Son las tres de la tarde en un centro comercial. Tu hijo de cuatro años se tira al piso. Llora. Patalea. Y tú sientes algo que no es solo vergüenza — es ese peso particular de saber que todo el mundo te está mirando. En ese momento, sientes que eres la peor mamá del mundo. Pero no lo eres. Para nada.
En más de dos décadas recibiendo familias en mi consultorio, he visto entrar a mamás que llevan semanas cargando ese peso solas. Mamás que lloran antes de poder decir una sola palabra. Mamás que dicen, con una voz que apenas sale: "Yo no sabía lo que me estaba metiendo. No sé qué hacer. Y siento que todo el mundo sabe que lo estoy haciendo mal."
Si alguna vez te has sentido así — este artículo es para ti.
El juicio que nadie pidió
Existe una crueldad silenciosa que muy pocos nombran: la presión social sobre los padres — y especialmente sobre las madres — cuando un hijo se porta mal en público.
Es una reunión familiar. El niño empieza a hacer un berrinche. Y antes de que la mamá pueda hacer cualquier cosa, ya llegaron las miradas. El comentario de la abuela: "Ay, ya empezó." El tío que suspira. Y la mamá, que en lugar de manejar la situación, empieza a paralizarse — porque ahora tiene dos problemas: su hijo, y el tribunal familiar que la está juzgando en tiempo real.

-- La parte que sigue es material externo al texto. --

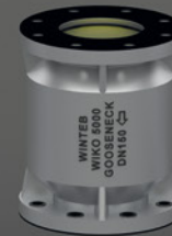
Gooseneck Inverted (top down also available)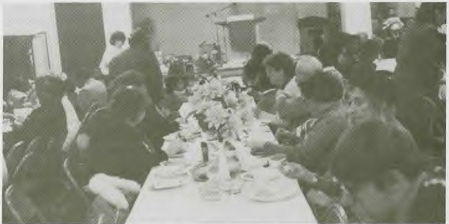
Community guests enjoy their meal at Pioneer Memorial.

For the past three years, the Community Services Department of the Pioneer Memorial SDA Church in Niagara Falls, New York, has sponsored a community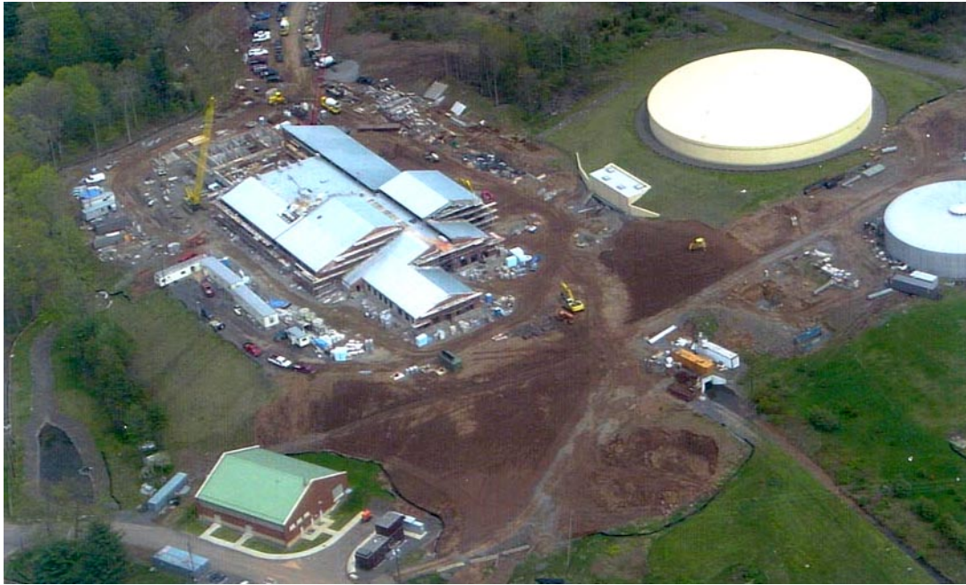
A May 2003 photo of the new plant construction in New Britain, CT.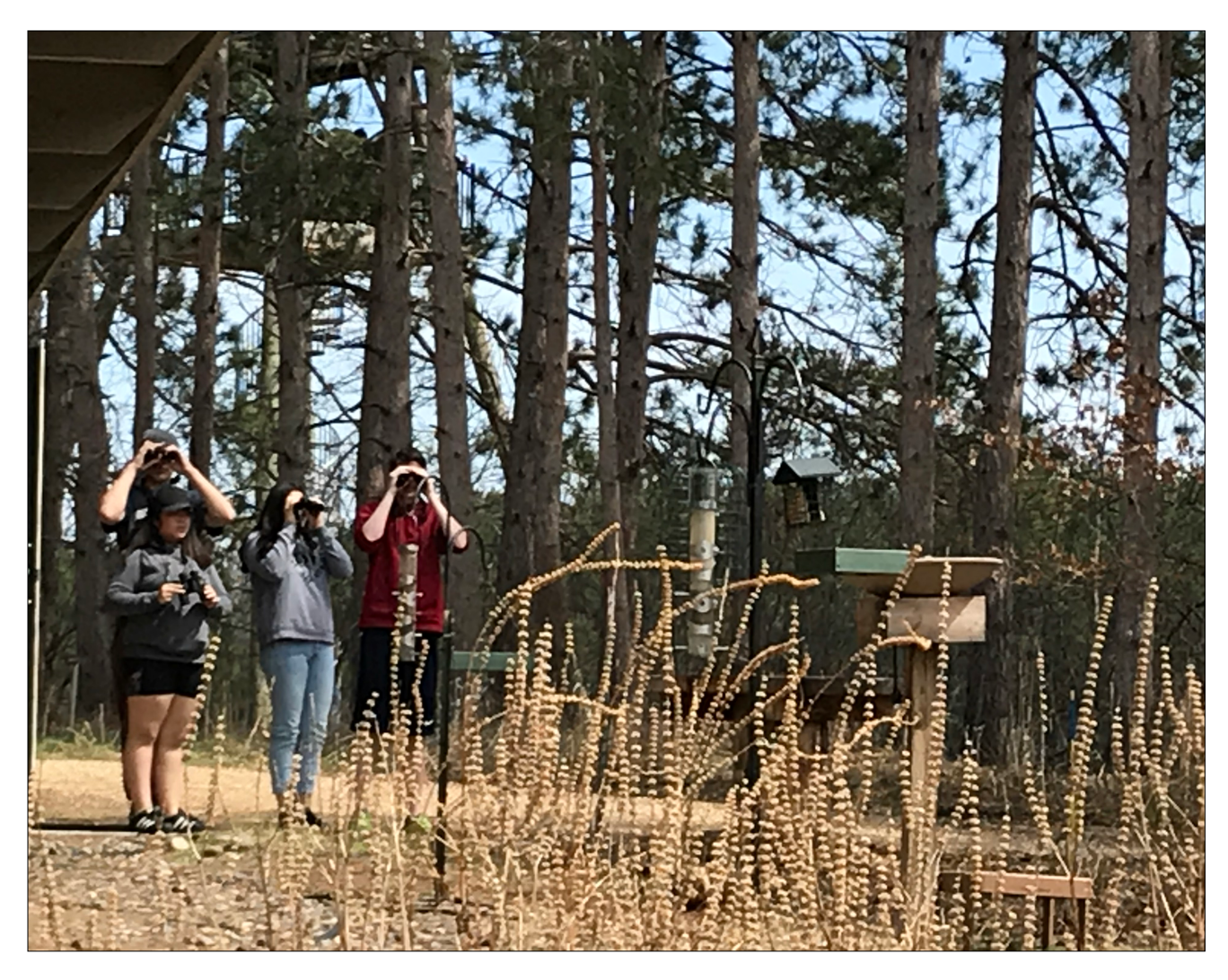
Murray students observing birds at Belwin Outdoor Science Center

Lo que muy pocos saben es que los niños lo perciben todo. Perciben cuando mamá se intimida. Perciben cuando papá cede porque hay personas mirando. Y aprenden muy rápido que los ambientes sociales son el mejor momento para pedir lo que normalmente les dirían que no.
"Lo que mamá me prohíbe en casa, lo pido delante de la abuela. Porque delante de la abuela, mamá no puede decirme que no."
No es maldad. Es aprendizaje. Los niños aprenden lo que funciona. Y si lo que funciona es pedir cuando mamá está más vulnerable — lo van a repetir una y otra vez.
Nadie te enseñó a pensar como un niño
Aquí hay algo que casi nadie dice en voz alta: aunque todos fuimos niños alguna vez, cuando crecemos se nos olvida cómo piensan los niños. Se nos olvida que su manera de ver el mundo es completamente distinta a la nuestra.
Los niños piensan de forma concreta, literal e inmediata. No entienden el "porque sí" ni el "porque lo digo yo". Y cuando dejamos espacios en blanco — cuando no les explicamos, cuando no les ponemos límites claros — ellos los llenan. Con lo que tienen. Con lo que ven. Con lo que funciona en ese momento.
Cuando un niño repite una conducta una y otra vez, no lo hace por capricho. Lo hace porque en algún momento esa conducta produjo un resultado. Décadas de investigación científica en comportamiento humano nos han enseñado que las conductas que se refuerzan — aunque sea sin querer — tienden a repetirse. Y las que no producen ningún resultado, eventualmente desaparecen. Esto no es teoría abstracta: es lo que ocurre cada día en tu casa, en el centro comercial, en la reunión familiar. Conocer este principio no te convierte en experta — te convierte en una mamá más segura de lo que está haciendo y por qué.
🔦 El faro que no puede apagarse
Imagina que eres un barco en el mar de noche. El faro es lo único que te dice hacia dónde ir, dónde está la costa segura, dónde están las rocas. Ahora imagina que ese faro unas veces se enciende y otras se apaga. Que unas veces da una señal y otras da la contraria.
"Si el faro unas veces se apaga y otras se prende — el niño no sabe a dónde ir. Y empieza la ansiedad."
Eso es lo que vive un niño cuando las reglas cambian dependiendo de quién esté mirando. No es un niño "difícil" — es un niño sin faro fijo. Un niño que está buscando, desesperadamente, a alguien que le diga con claridad hacia dónde va.
Y ese alguien eres tú.
El niño que llora en el centro comercial no está tratando de arruinarte el día. Un niño que llora también está estresado. También está perdido. También necesita que alguien lo guíe — no que ceda, sino que lo guíe con amor y con claridad.
Una verdad que pocos papás escuchan
En mi consultorio también he visto llegar a papás completamente paralizados. Hombres que le dejaron el problema a la mamá — "Mira a ver qué haces con tu hijo" — y que luego se encontraron solos con ese niño que llora sin parar y que parece imposible de calmar. El "no sé qué hacer" no es solo de las mamás. Es de cualquier padre que nunca tuvo un mapa para este camino. Y eso no es falla de carácter — es simplemente que nadie te enseñó.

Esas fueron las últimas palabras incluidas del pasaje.